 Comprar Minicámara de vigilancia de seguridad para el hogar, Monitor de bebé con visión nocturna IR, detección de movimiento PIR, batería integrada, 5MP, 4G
==
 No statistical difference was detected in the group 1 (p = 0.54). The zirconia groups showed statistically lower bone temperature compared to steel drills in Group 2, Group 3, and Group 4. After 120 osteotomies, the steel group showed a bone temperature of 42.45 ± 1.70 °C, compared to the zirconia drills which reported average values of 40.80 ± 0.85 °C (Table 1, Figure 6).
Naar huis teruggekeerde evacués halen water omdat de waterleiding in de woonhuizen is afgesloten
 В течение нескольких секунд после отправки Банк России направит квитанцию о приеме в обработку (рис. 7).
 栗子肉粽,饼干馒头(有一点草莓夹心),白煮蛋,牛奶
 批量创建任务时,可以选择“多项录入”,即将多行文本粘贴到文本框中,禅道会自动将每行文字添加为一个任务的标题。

» **YOUR GOAL**
Please, from the material above, copy only the lines from the line with "No statistical difference" up to and including the line with "В течение нескольких", exactly as written.

» **TASK RESULT**
 No statistical difference was detected in the group 1 (p = 0.54). The zirconia groups showed statistically lower bone temperature compared to steel drills in Group 2, Group 3, and Group 4. After 120 osteotomies, the steel group showed a bone temperature of 42.45 ± 1.70 °C, compared to the zirconia drills which reported average values of 40.80 ± 0.85 °C (Table 1, Figure 6).
Naar huis teruggekeerde evacués halen water omdat de waterleiding in de woonhuizen is afgesloten
 В течение нескольких секунд после отправки Банк России направит квитанцию о приеме в обработку (рис. 7).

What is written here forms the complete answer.